Published 1:00 pm Friday, November 4, 2022

TIFTON — Dr. David Nelson will speak on “Microbes and Xenophobes: Scotland’s Moral Panic over Italian Ice Cream, 1880-1920.”

It is scheduled for 7 p.m., Nov. 17, as part of the Jess Usher Lecture Series at Abraham Baldwin Agricultural College, college officials said in a statement.

Nelson is a professor of history in the School of Arts and Sciences at ABAC Bainbridge.

Each event in the series is open to the public at no charge with no ticket required. All series events are held in Howard Auditorium on the ABAC Tifton campus.

Formerly known as the ABAC Lecture Series, the special collection of presenters has been renamed in memory of Dr. Jess Usher, a former ABAC faculty member and lecturer in the series, who passed away in 2021.

Nelson’s message addresses a time in the 1880s when Scottish newspapers began publishing accounts of poisonings by a new food fad, ice cream. Made from milk, cream and ice in sometimes unsanitary conditions in an age before modern refrigeration and health regulations, the sweet confection could indeed be a dangerous dessert, college officials said.

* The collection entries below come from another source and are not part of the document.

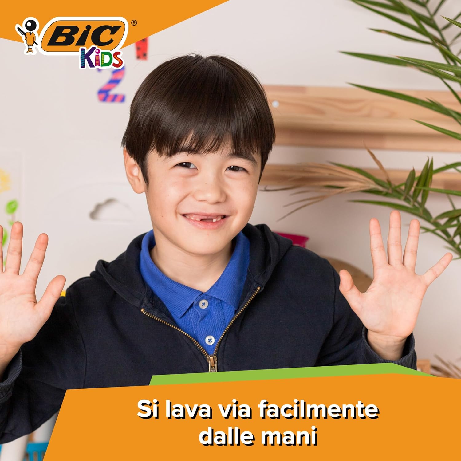 Sviluppa la creatività dei più piccoli con questo set di 36 strumenti per colorare Pensato per i bambini fino a 5 anni, questo set include 12 matite colorate BIC Kids, realizzate con fusto triangolare e privo di legno e con mine resistenti agli urti Il kit include inoltre 12 pennarelli colorati BIC Kids Couleur, con inchiostro lavabile e punta tonda Completano il set 12 pastelli a cera BIC Kids, con fusto triangolare per agevolare l'impugnatura nelle manine dei bambini Qualità BIC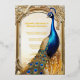 A single large peacock resplendant in color is standing upright on the right side of this invitation and has its tail feathers down. It is framed by a pale marbled beige background adorned with an art nouveau inspired border frame that arches above the peacock. The bird has shimmering blue iridescent chest feathers and its radiant rosettes complete the feel of luxuriant opulence and elegance. Real gold foil editable templates appear across the bird and sparkle and shine a golden hue. The back has the same graphic design with a single template for additional wording. If no additional information is required simply clear the wording. Please note the back template is not foil. This is ideal for a "peacock theme" wedding, bridal shower, engagement, anniversary or couples shower.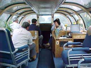 Some cars just had family and friends on board, others had paying guests. They were all ever so friendly and gracious. Everyone trying to outdo the other in kindness. It's easy to make new friends and strike up great conversations. It's so interesting to walk up the steps to the dome areas, to appreciate the luxury paneling and furniture and fine china and other goods that these lovely cars offer. You get to see your country as it really is as well. For people coming in from foreign countries there is no better way to fully see and appreciate what America offers. This bountiful land of greatness will surprise you with its' vastness and beauty. Why travel elsewhere when there is so much to see and do in this fashion.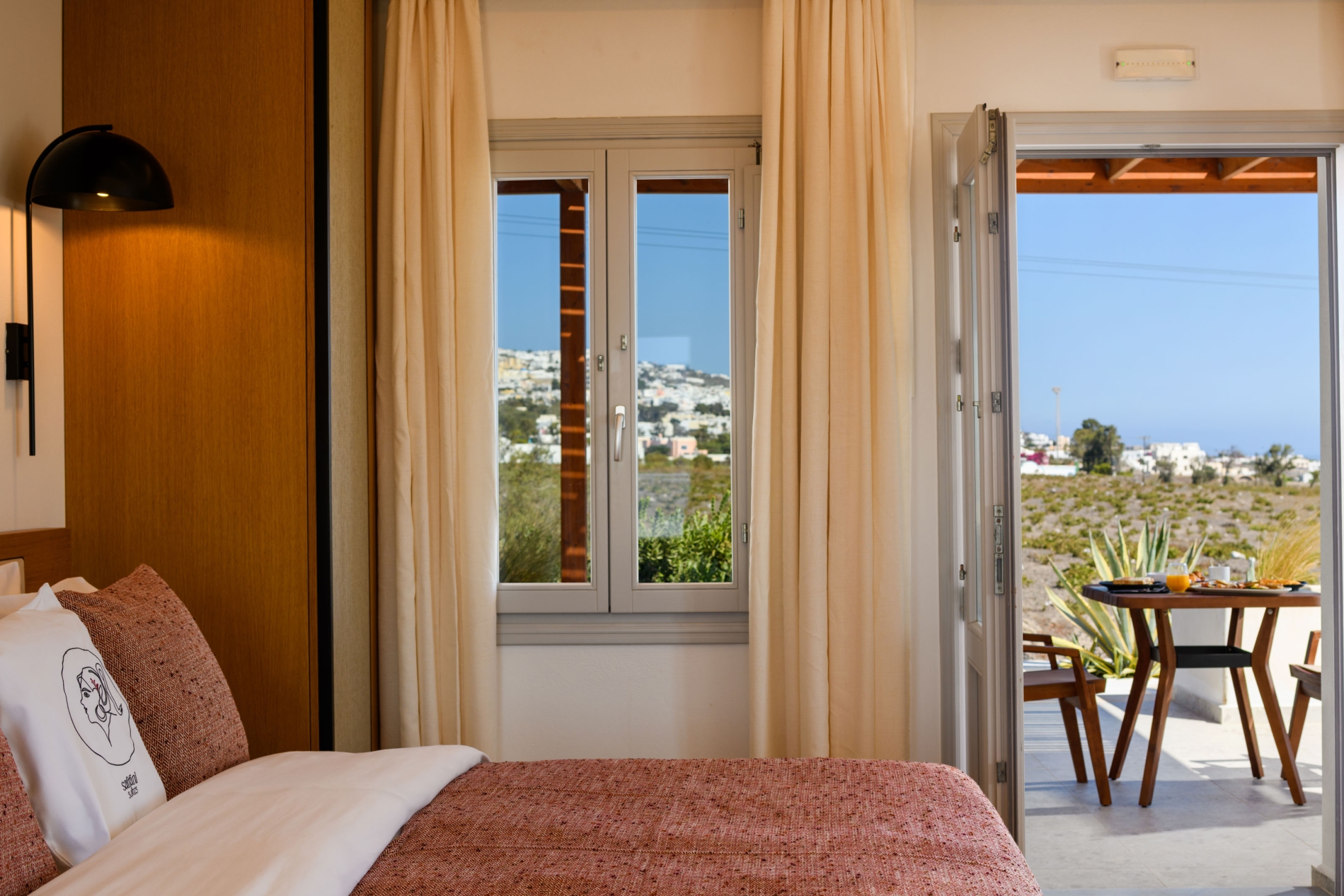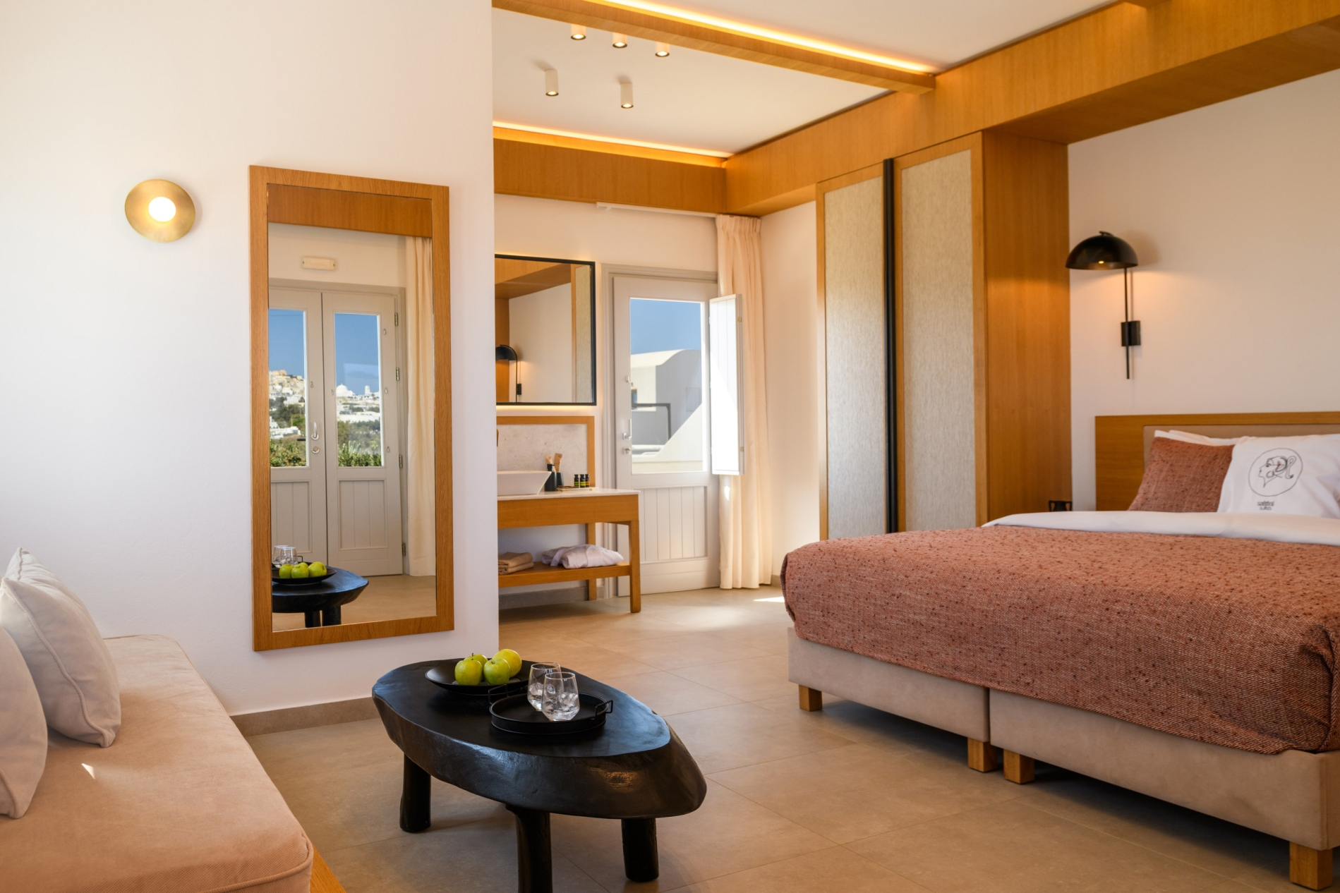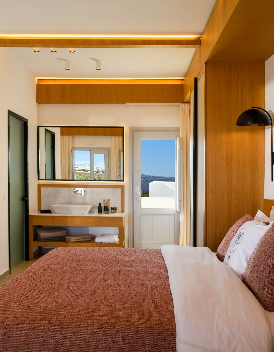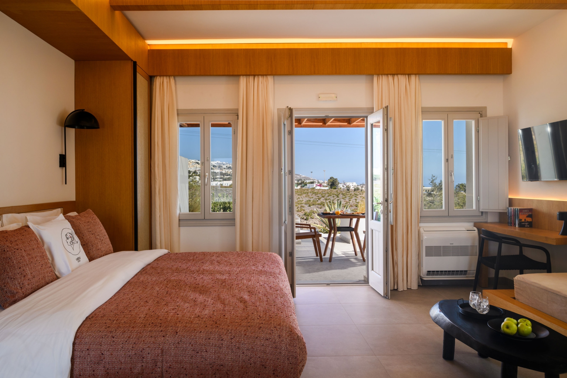 Wake up to sweeping Santorini views in a serene open-plan space designed for unforgettable moments.

Ice cream’s reputation was not helped by the Scottish public’s perception of its producers and sellers who happened to be newly arrived Italians, college officials said.

“I discovered this panic over ice cream, of all things, while researching a completely different topic,” Nelson said. “As I searched through 19th century Scottish newspapers, I kept seeing these urgent stories about Italians poisoning and corrupting Scottish youth. And this was a story I had not seen anywhere else in the historical literature, so I was hooked.

“My talk traces this decades-long debate over Sunday trading, how best to control the sexual and antisocial behavior of Scottish teenagers and the rise of the temperance movement all became interwoven with xenophobic fears and genuine concerns over ice cream’s effect on public safety.”